Mit zunehmendem Abstand von den Kriegen werden Fragen immer wieder neu gestellt, ein familiäres Vorwissen kann nicht mehr vorausgesetzt werden. Der Volksbund muss also die Vermittlung von Wissen über unsere Kriegstoten sicherstellen. Allein schon die Arbeit auf den Kriegsgräberstätten mit jungen Menschen gebietet es, sich ihren Fragen zu stellen. Dies tut der Volksbund seit 1953. Dabei geht es selbstverständlich nicht allein um Verbrechen. Es geht um die Schicksale der Menschen, um die Rahmenbedingungen, denen sie ausgesetzt waren, um ihre Handlungsoptionen und ihre tatsächlichen Handlungen. Die Arbeit an den Kriegsgräbern, an den Biographien der Einzelnen bringt eine individuelle Dimension in die Beschäftigung mit der Vergangenheit, die in Wissenschaft und Forschung vielfach nicht berücksichtigt wurde.
23) Warum schafft man den toten Soldaten „würdige Ruhestätten“, wenn sie gleichzeitig als Mitwirkende an einem vom eigenen Land verschuldeten verbrecherischen Krieg verstanden werden?
Jeder Mensch hat ein Recht auf ein würdiges Grab. Die Rolle deutscher Soldaten als aktiv Handelnde in einem verbrecherischen Angriffskrieg wie dem Zweiten Weltkrieg kann diesen humanitären Grundsatz nicht in Frage stellen. Gerade für diese Position, die eine Grablegung auch für Angehörige der Waffen-SS immer einschloss, wurde der Volksbund in der Vergangenheit wiederholt angegriffen. Der Volksbund sortiert nicht, der Volksbund richtet nicht, aber er klärt auf und trägt auf diese Weise dazu bei, dass der Wert des Friedens nicht in Vergessenheit gerät.

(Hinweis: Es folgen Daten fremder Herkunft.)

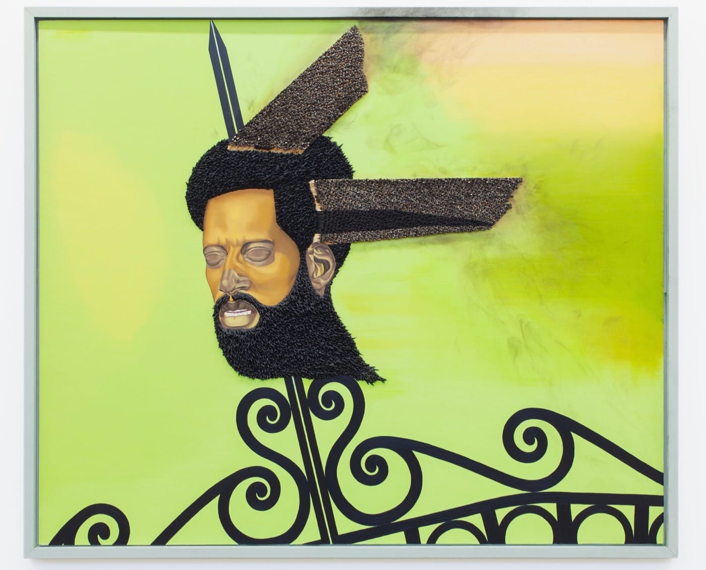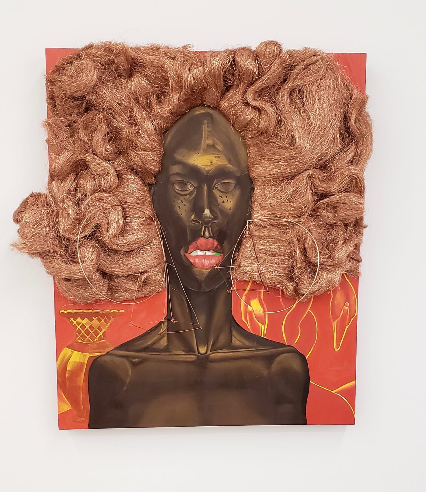 Viewers can lose themselves in the other deft manipulation of materials in his work. For example there is the copper wool that becomes a thicket of red hair in “Conductor” (2018), with wire bent into large hoops and pyramids hanging from the figure’s ears to remind me of the “door knocker” earrings worn by women around the way where I grew up in the Bronx. In Sonhouse’s “Resuscitation of a Golden Era Blues” (2018) the two boards replete with burnt matches radiate out from the figure’s head-like wings — thus although that head is impaled on a spike, it seems like it’s flying, perhaps through his own historical narrative, a trail of smoke behind him.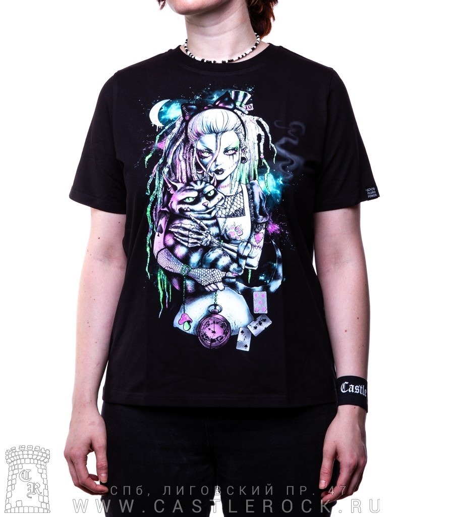 Женская футболка Алиса в Стране Чудес (зомби, прямая, светится)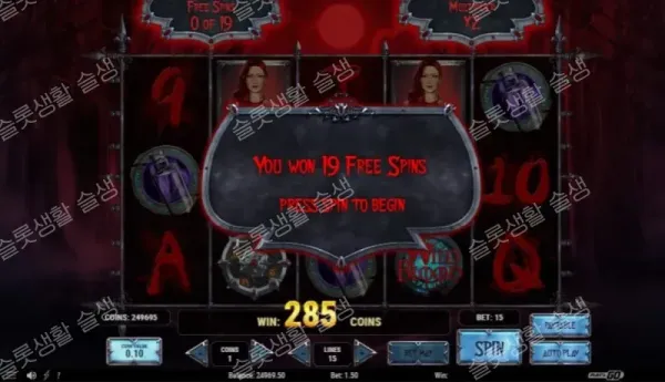 A. 3번 릴에 남자 뱀파이어 기호가 떨어지면 전체 릴로 확장됩니다. 이 상태에서 2번과 4번 릴에 각각 메달리온(Medallion) 기호가 동시에 떨어지면 확장 와일드가 고정된 채로 리스핀 시퀀스가 시작됩니다.

24) Ändert sich die Gedenkkultur auch mit Blick auf die Soldatinnen und Soldaten heute?
Ja, der Volksbund gedenkt auch der Einsatztoten der Bundeswehr inzwischen alljährlich zum Volkstrauertag, indem er an Veranstaltungen am Bundeswehr-Ehrenmal in Berlin und im „Wald der Erinnerung” bei Potsdam teilnimmt. Auch an den Gräbern der Toten in ihren jeweiligen Heimatorten setzt der Volksbund an besonderen Gedenktagen ein Zeichen – wenn die Angehörigen damit einverstanden sind.
25) Ist ein Ende der Umbettungen von Toten des Zweiten Weltkrieges absehbar?
Nein, allein für Osteuropa rechnet der Volksbund noch immer mit mehr als zwei Millionen Toten, die noch nicht geborgen sind.
VERSÖHNUNG ÜBER DEN GRÄBERN – GEMEINSAM FÜR DEN FRIEDEN
Dieses Leitmotiv bestimmt seit Jahrzehnten die Arbeit des Volksbundes Deutsche Kriegsgräberfürsorge, die sich als aktiver Beitrag zur deutschen Erinnerungskultur versteht. Im gesellschaftlichen Diskurs über Krieg und Gewaltherrschaft dürfen seine Erfahrungen mit Leid, Trauer, Verständigung und Versöhnung nicht fehlen.